Scan tools that do this: Autel, Launch, Snap-on, OEM factory tools, FCOM, Foxwell, ISTA. Confirm the tool supports the specific brand you are working on before you sell the job.
Worked Example
Customer: "Intermittent no-start, clicks."
- OCV: 12.1 V (low, below 50% SOC). Charge the battery.
- After a full charge, rest 2 hours. OCV climbs to 12.45 V only. Suspicious.
- Conductance test: 320 measured CCA on a rated 700. Fail.
- Inspect cables. Negative battery cable post shows green corrosion. Clean both posts with a terminal brush, apply no-ox grease.

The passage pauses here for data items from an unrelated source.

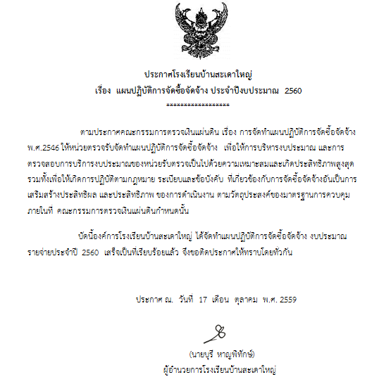 แผนปฏิบัติการจัดซื้้อจัดจ้างโรงเรียนบ้านสะเดาใหญ่ ปีงบประมาณ 2560
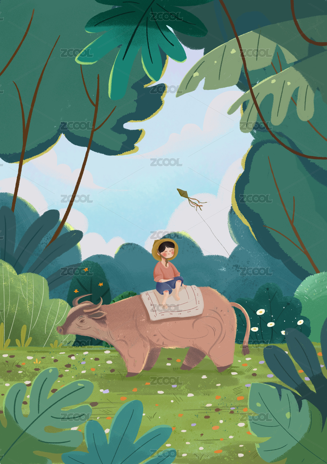 春天牧童清明插畫
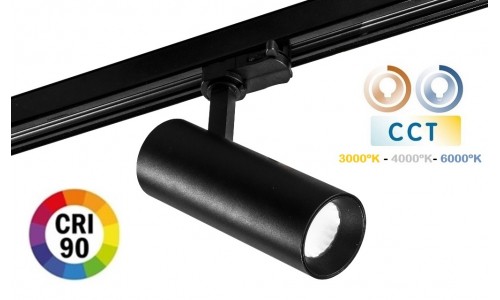 Focos carril Trifásico LED COB MD16 20W Negro, CCT Seleccionable CRI90 FCTCOBMD1620CCTN con chip BRIDGELUX con cambio de color (3000º, 4000ºK ó 6000ºK) para carril trifásico 4 vías están especialmente diseñados para cubrir las necesidades de un usuario exigente que precisa de luminarias que realcen elementos decorativos concretos, fomentando la creación de múltiples ambientes. Todos los modelos requieren de raíles para la instalación.
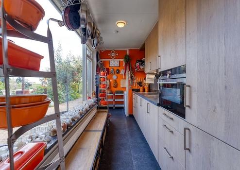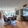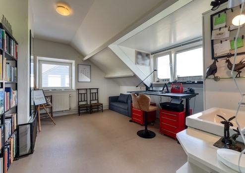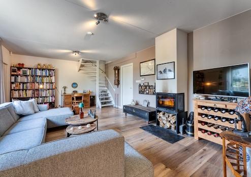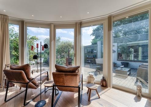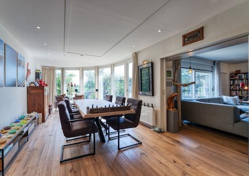 Das Gartenzimmer ist ein schöner, heller Ort mit einer hervorragenden Aussicht auf die Landschaft. Die zylindrischen Fenster verleihen dem Raum einen spielerischen Effekt. Der Raum ist groß genug, um einen großen Esstisch aufzustellen, an dem Sie mit der Familie und/oder Freunden zu Abend essen können. Durch eine eigene Tür gelangen Sie in das Wohnzimmer. Die Räume sind mit Holzböden ausgestattet, was ihnen eine warme Atmosphäre verleiht. Eine Schiebetür öffnet sich auf die Terrasse und den Garten.

- Replace battery with OEM-spec or better, register/relearn if required.
- Verify charge voltage at idle: 14.2 V. At 2,000 rpm with headlights and HVAC on: 13.9 V. Good.
- Verify AC ripple: 25 mV. Good.
- Clear codes. Start-stop fault clears on the second key cycle.

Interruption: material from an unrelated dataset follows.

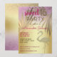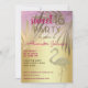 Elegante, sofisticado, exclusivo, silhueta de flamingo em relevo dourado combinado com um adorável fundo rosa e dourado brilhante com folhas de palmeira douradas. Convite de aniversário de 16 anos Sweet 16 moderno e atraente.

- Verify parasitic draw after 40 min sleep: 22 mA. Good.
Document everything on the RO: OCV before, conductance result, charge voltage at idle and loaded, AC ripple, parasitic draw, cables cleaned and torqued, battery replacement date, registration/relearn performed.
What to Document
Every battery or charging job finishes with these notes on the RO, in this order:
- OCV before test
- Conductance result (measured CCA vs rated CCA)
- Charge voltage at idle and at 2,000 rpm loaded
- AC ripple
- Parasitic draw after sleep
- Cable/terminal condition and any cleaning or torque performed
- Battery part number installed, date code, chemistry
- Registration or BMS relearn performed on cars that require it
- Customer-facing recommendation (next check interval, etc.)
That record is your defense when a customer comes back in 11 months claiming "you replaced it wrong." It is also how you learn what a healthy reading looks like on ten different makes so that next year you are the one the apprentice is asking.